As a matter of public policy, Georgia law “has long provided for the confidentiality of communications between [a] psychiatrist and patient.” Kennestone Hosp., Inc. v. Hopson, 273 Ga. 145, 148 (538 SE2d 742) (2000). The primary purpose of the privilege “is to encourage the patient to talk freely without fear of disclosure and embarrassment, thus enabling the psychiatrist to render effective treatment of the patient’s emotional or mental disorders.” (Citation and punctuation omitted.) State v. Herendeen, 279 Ga. 323, 325-326 (613 SE2d 647) (2005). Communications between certain mental health providers, including communications between psychiatrists and patients, are, therefore, protected from disclosure.4 OCGA § 24-5-501 (a); Herendeen, supra, 279 Ga. at 327. The psychiatrist-patient privilege remains inviolate even though the patient’s care and treatment or the nature or extent of the patient’s injuries are put in issue *433in a civil proceeding. See OCGA § 24-12-1 (a) and former OCGA § 24-9-40. The strength of the psychiatrist-patient privilege is further evident in that the privilege is held only by the patient and waiver of the privilege must be expressly made by the patient, or, in the absence of an express waiver by the patient, one seeking the disclosure of privileged mental-health records must establish a waiver by “the patient’s ‘decisive unequivocal conduct reasonably inferring the intent to waive[.]’ ”5 Herendeen, 279 Ga. at 327.

Moreover, and of primary importance in this case, is the fact that unlike other recognized privileges, the psychiatrist-patient privilege survives the death of the patient.6 See Sims v. State, 251 Ga. 877, 881 (311 SE2d 161) (1984); Boggess v. Aetna Life Ins. Co., 128 Ga. App. 190, 192 (196 SE2d 172) (1973) (discussing attorney-client privilege). Consistent with the protections afforded psychiatrist-patient communications even after a patient’s death, our legislature has determined that a deceased patient’s representative cannot waive the psychiatrist-patient privilege. See OCGA § 31-33-4 (providing that statutes authorizing the release of health records to a deceased patient’s representative “shall not apply to psychiatric, psychological, or other mental health records of a patient”); OCGA § 37-3-166 (a) (8.1) (authorizing mental health facilities to release a deceased *434patient’s mental health records “to the legal representative of [the] deceased patient’s estate, except for matters privileged under the laws of this state.”).

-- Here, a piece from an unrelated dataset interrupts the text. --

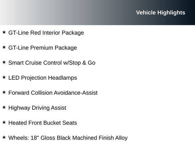 - GT-Line Premium Package with Smart Cruise Control, LED Projection Headlamps, Highway Driving Assist, and Forward Collision Avoidance-Assist
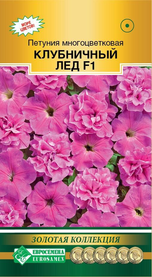 Петуния стала в настоящее время королевой среди популярных цветочных растений. Ее выращивают сами, покупают в готовом виде уже цветущей либо в виде рассады, с большой любовью высаживают ее в различные цветники открытого грунта, напольные горшки и контейнеры, подвесные вазоны, балконные ящики, а ведь еще совсем недавно прохожие с удивлением разглядывали редкие балконы городских домов, украшенные красивой шапкой цветов. Клубничный Лед- многоцветковая петуния с темно-розовыми цветками, образующая 50 % махровых цветков, по форме напоминающих гвоздику, и 50 % простых, которые очаровывают желтым зевом. Цветки имеют диаметр 5,5–6,0 см. Растения хорошо разветвленные, обильно цветущие, подходят как для выращивания в контейнерах, вазонах, крупных горшках, так и в качестве клумбовых посадок.

The dissent, recognizing that there is no Georgia law authorizing the waiver of the psychiatrist-patient privilege by a deceased patient’s representative, urges this Court to nevertheless create such a right as “a matter of public policy.” Yet, it offers no authority for this Court’s adoption, as “a matter of public policy,” of a ruling directly contrary to statutory laws enacted by our legislature based on “grounds of public policy.”7 See OCGA § 24-5-501 (a) (5) (stating that protected psychiatrist-patient communications are excluded from evidence on “grounds of public policy”). The dissent’s interpretation of the clear language of OCGA § 31-33-4 exempting psychiatric records from its disclosure provisions to mean that “the estate representative may... waive the [psychiatrist-patient] privilege on behalf of the deceased patient” comports with neither logic nor rules of statutory construction.

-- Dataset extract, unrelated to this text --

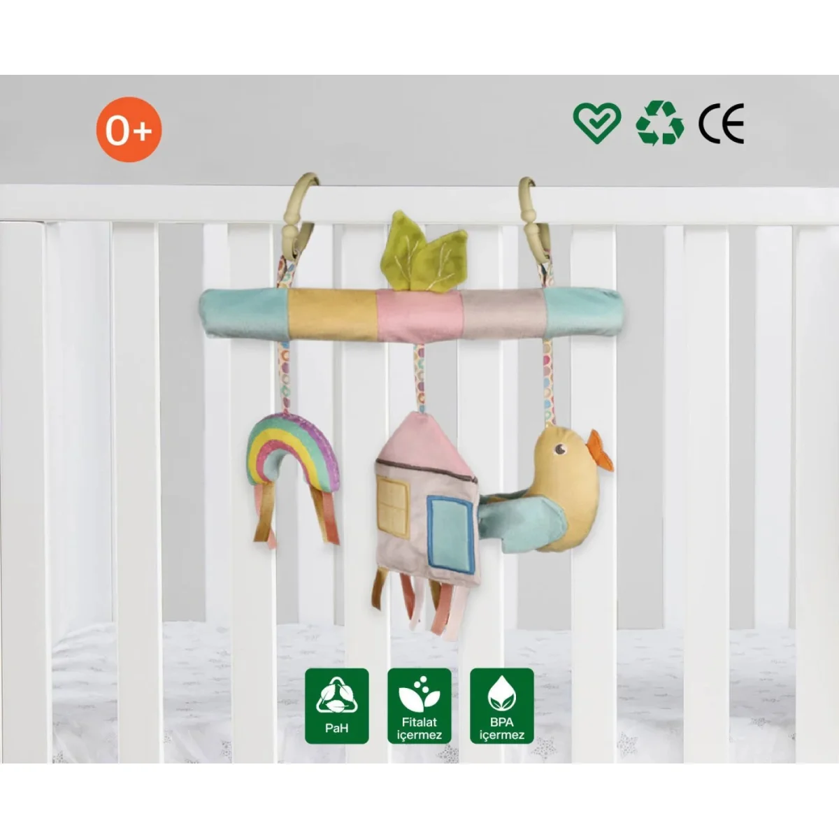 Pratik dönence.bebeklerin her anında eğlenmesi için yol arkadaşı!Üzerindeki esnek ve güçlü halkalar sayesinde birçok zemine tutunmasını sağlar.Üzerindeki renkli teması ve farklı şekillerdeki oyuncakları sayesinde bebeklerin parmak kaslarını ve kavrama hareketlerini geliştirir.Oyuncağın üzerindeki tasarımlar minik eller için özel olarak üretilmiştir.Özel tasarım kumaşıyla bebeğinizin dokunuşlarında rahatlık ve güven hissi sunar.Hafifliği sayesinde bebekler tarafından kolayca tutulabilir.Böylece arabada, oto koltuğunda ve tüm seyahatlerde onlara eşlik eder.Özel olarak tasarlanan pratik dönence oyuncağının kumaşı yıpranmalara karşı dayanıklı ve sağlamdır.Temizlik:Nemli bir bez yardımı ile kolayca temizlenir.Çamaşır makinesinde yıkanmaz.Uyarı:O

Because under Georgia law confidential communications between a psychiatrist and patient may not be disclosed absent waiver by the patient and a trial court may not utilize its equitable powers to afford relief contrary to the law, we conclude the trial court erred to the extent its order granting injunctive relief requires the disclosure of privileged information. Appellees cite Brown v. Liberty Oil & Refinery Corp., supra, 261 Ga. 214, as authority for the trial court’s use of its equitable powers in this case. Brown, however, is distinguishable. The plaintiffs in Brown were minor children seeking to maintain a wrongful death action arising out of their mother’s death. The children’s father, who was by statute given a right to pursue the wrongful death claim, could not be located and would not pursue such a claim. See OCGA § 51-4-2 (a). Weheldthatthe factual circumstances ofthat case demanded the exercise of the trial court’s equitable powers because the minor children had no other legal right to maintain an action for the wrongful death of their mother. Brown, supra, 261 Ga. at 216. By allowing the children to pursue a wrongful death action, equity followed “the analogy of the law where no rule was directly applicable.” See OCGA § 23-1-6. Compare Lewis, supra, 183 Ga. at *435690 (equity could not be used to override statute limiting use of school funds to payment of debts for the current school year); Persoll v. Scott, 64 Ga. 767, 769 (1880).

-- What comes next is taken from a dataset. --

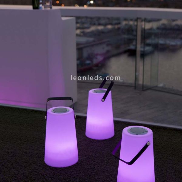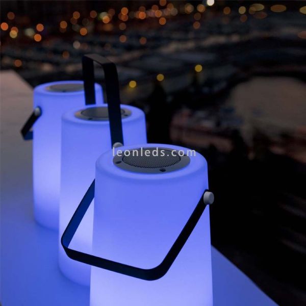 La lampe à poser LED Nómada play outdoor speaker de la firme espagnole New Garden vous accompagnera dans toutes vos aventures outdoor. Il a un corps en polyéthylène léger et résistant avec une poignée noire qui vous permettra de le transporter n'importe où, en plus de fournir un éclairage multicolore, il comprend un haut-parleur pour que vous puissiez écouter votre musique préférée en toute occasion.

In contrast, OCGA § 24-5-501 (a) is a positive statutory enactment specifically precluding the relief sought by appellees in their complaint. Moreover, unlike the children in Brown who were seeking the right to pursue a wrongful death claim, appellees have both the legal right to maintain an action for the wrongful death of their son and the ability to seek Dr. Cooksey’s files through normal discovery procedures. The fact that appellees’ legal claim may be made more difficult to prove because of well-established evidentiary rules or that proper application of the psychiatrist-patient privilege within such proceeding would likely result in the non-disclosure of protected communications does not authorize the use of a trial court’s equitable powers contrary to well-established law. The inability to discover potential evidence within a legal proceeding following proper application of our rules of evidence is not the same as having an incomplete legal remedy or no legal remedy at all.

Accordingly, we conclude that the trial court erred by requiring the disclosure of records or information regarding privileged communications between Dr. Cooksey and Christopher and among or between Dr. Cooksey and any other mental health professional listed in OCGA § 24-5-501 (a) (8) who was involved in Christopher’s treatment and to whom protected communications were disclosed. That portion of the trial court’s order, therefore, is reversed. The trial court’s order is affirmed to the extent it requires disclosure of any non-privileged records or information. Because Dr. Cooksey’s files were not reviewed by the trial court and no findings have been made as to what information is privileged or whether the privilege may have been waived by Christopher, the case is hereby remanded to the trial court. The trial court is directed on remand to: (1) review Dr. Cooksey’s files to determine, in conformance with this opinion and other applicable law, whether there are any non-privileged records or information in the files; (2) determine with regard to privileged information whether there was a waiver of the privilege; and (3) require the timely disclosure of all non-privileged records and information and all records or information for which the privilege has been waived.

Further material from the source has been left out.